What's the next step??? How do I go about getting out?? Getting a place of my own?? I have to find a house because this house comes with his job. I'll probably lose my pets, etc. And, I know that is just stupid stuff, but it does bother me. But I feel like we are just delaying the inevitable. It's going to happen at some point, so why not sooner than later. I've been feeling this way since almost 3 months into our marriage, and unfortunately nothing has changed, except the fact that I am now doing what he does and ignoring the problems. But, that may delay the fighting, but nothing gets fixed.

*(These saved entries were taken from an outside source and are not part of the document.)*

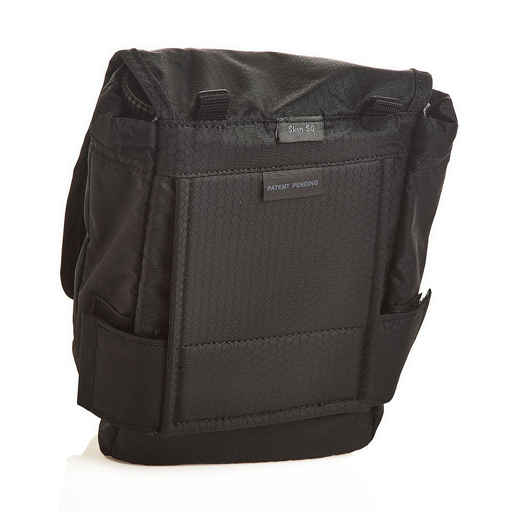 The black Skin 50 V2.0 from Think Tank is a lightweight belt pouch designed to accommodate wide and standard zoom lenses ranging from a 14-24mm f/2.8 to a 24-70mm f/2.8 with the lens hood attached. The pouch features an easy throw, elastic drawstring or hook & flap closure that will attach to any Think Tank belt, harness or belt pack.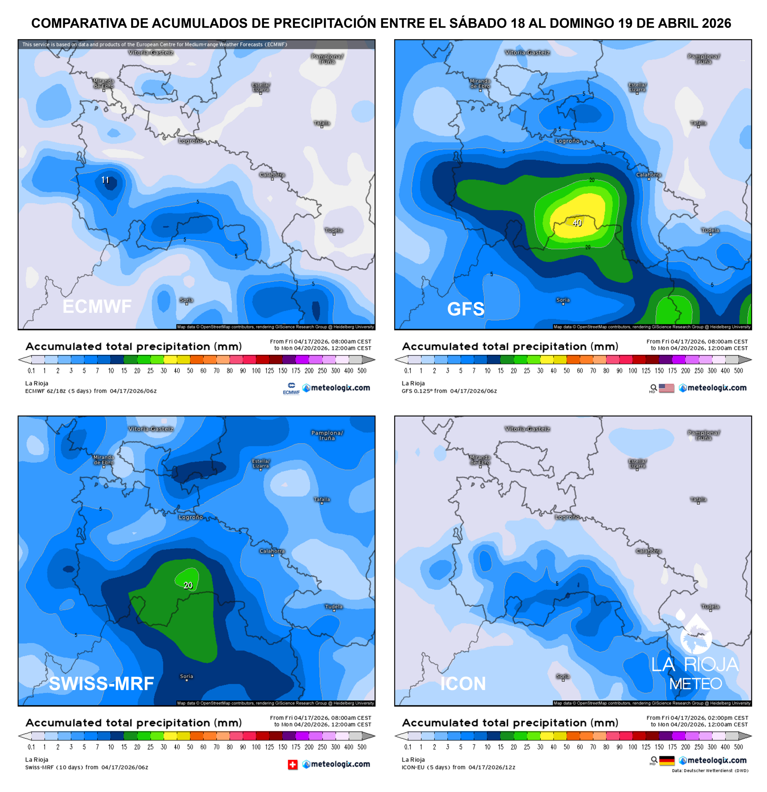 Los principales modelos (ECMWF, GFS, ICON, SWISS-MRF) coinciden en algo clave: sin grandes acumulados pero con eventos locales potencialmente intensos.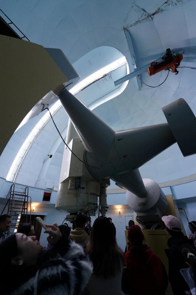下午,我们到达抚仙湖东岸抚仙湖太阳观测站。这儿一年四季的光照时间可以到达。 2200 小时候,当我们到达时,天空晴朗无云,但风很大,湖泊像海浪一样拍打着岩石覆盖的湖岸。屋顶上一米新真空太阳眼镜(NVST)我们正在继续工作。它是中国太阳物理和空间科学中光学和近红外观测太阳的主要设备,也是世界上最大的真空望眼镜。

Thanks for listening to my rant. It helps me to get it all put into words whether anyone can make sense of my venting or not! Any advice and/or sharing of stories is appreciated, though.


----------



## Powerbane (Nov 8, 2010)

Wish I could help! Do what you need to do for you. You can't fix everyone no matter how hard you try. Make things right for you and everything else will follow.
_Posted via Mobile Device_


----------



## Homemaker_Numero_Uno (Jan 18, 2011)

You just need to do it and to make sure that things like finding a place that's affordable and will take pets, etc. do not become negative self-fulfilling prophesies. Take all the energy you would put into jumping through hoops for spouse and put it to use for yourself. Don't you think you are worth that effort?


----------



## ku1980rose (Sep 7, 2010)

Thanks! I agree and I know I can and will make it through this! It's just my anxiety talking! My excuses are little things in the overall bigger picture. But I'm not happy. We are not happy although he would never admit it. But if this is a happy marriage for him then I feel sorry for him that he doesn't want more. Out of sight out if mind just doesn't work for me. Ignoring the problems and issues doesn't make them go away. I just dong know how to approach it with him because he always shuts down or cries or both. Or he gets angry and then runs off. He won't talk and that's one thing that got us here in the first place.
_Posted via Mobile Device_


----------